Crystal silicon [.6 - 1.3KIc (MPa · m1/2)]
[https://lirias.kuleuven.be/bitstream/123456789/355152/1/Ther...](https://lirias.kuleuven.be/bitstream/123456789/355152/1/Thermomechanical+properties+and+fracture+in+single+crystal+silicon+-+REVIEWED.pdf)
(Page 12)

Concrete [0.2-1.4 KIc (MPa · m1/2)]
[https://en.wikipedia.org/wiki/Fracture_toughness](https://en.wikipedia.org/wiki/Fracture_toughness)

------
pi-err
The "1000 km" title is misleading. The tiles will be mostly installed on
parking space near commercial centers and on a few low-speed connecting roads.
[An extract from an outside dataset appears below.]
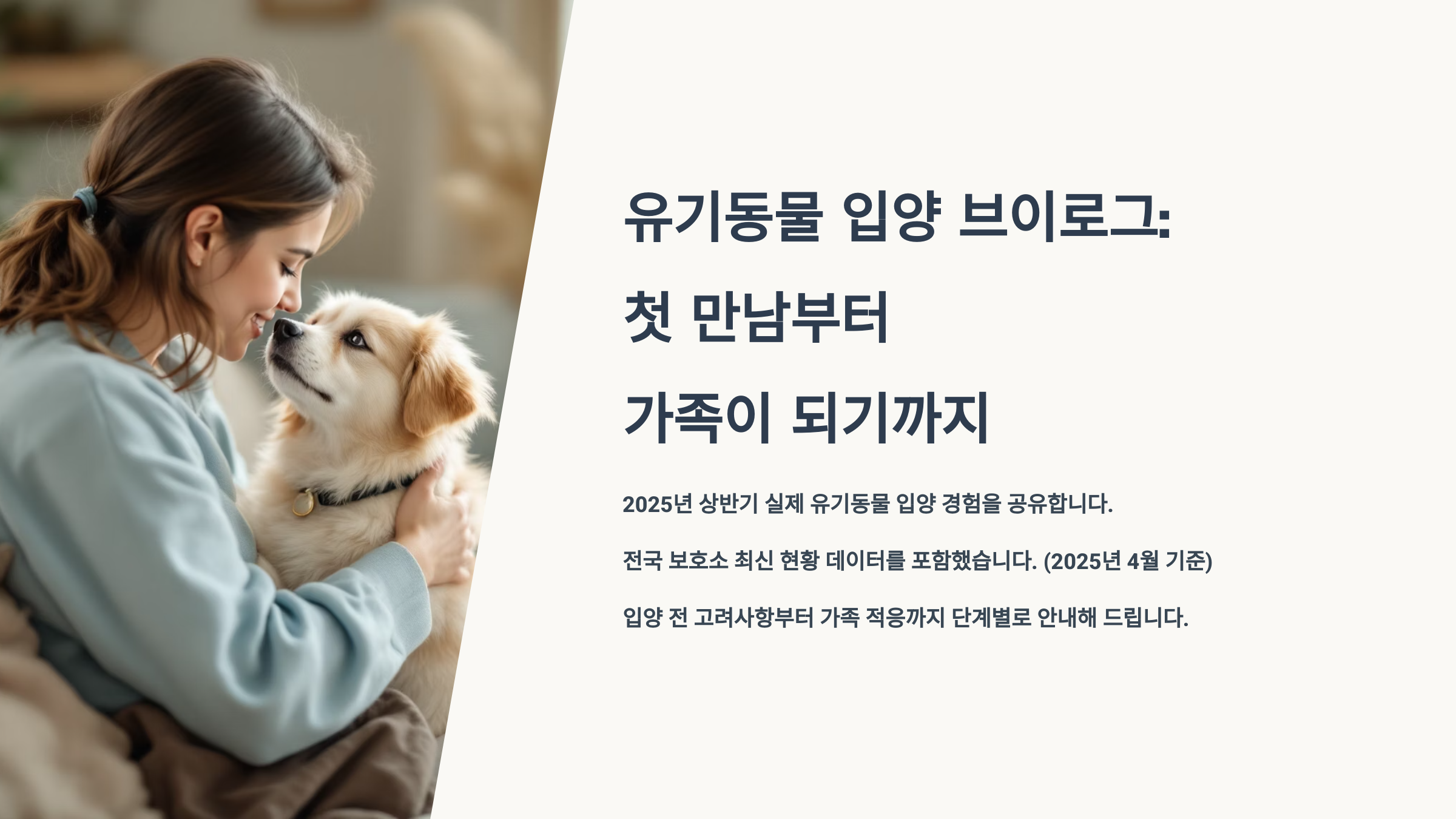 유기동물 입양 브이로그가 요즘 정말 많은 사람들의 관심을 받고 있어요. 단순히 예쁜 반려동물의 일상을 보여주는 것을 넘어서, 실제 입양 과정부터 적응까지의 진짜 이야기를 담아내는 것이 얼마나 의미 있는지 많은 분들이 공감하고 있답니다. 2025년 현재 전국 유기동물 수는 매년 10만 마리를 넘어서고 있어서, 입양에 대한 관심과 인식 개선이 정말 필요한 시점이에요.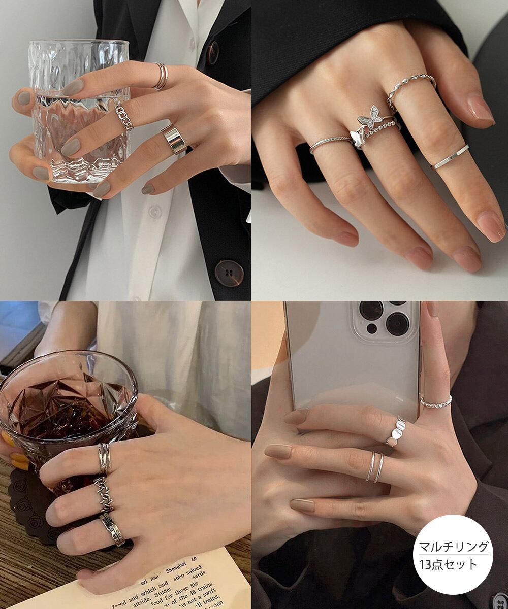 ヴィンテージ調指輪 13点セット アクセサリー 蝶々メタルリング シンプル 大人かわいい プチプラ小物 韓国ファッションリングセット韓国風 女性プレゼント人気 重ね付け指輪お洒落それぞれデザインの異なるリング13点セット

I find it actually a great idea, especially with more electrical cars looking
for plugs at those locations.

Some details and a video on [https://www.aruco.com/2016/01/1000km-routes-
solaires-france/](https://www.aruco.com/2016/01/1000km-routes-solaires-
france/) . The video does show how they think of it for side roads (and don't
say it because PR).

edit: also part of the breakthrough here is that the upper layer is made of
recycled glass and resin and is not slippery.

Bit surprised by the negativity around this on HN.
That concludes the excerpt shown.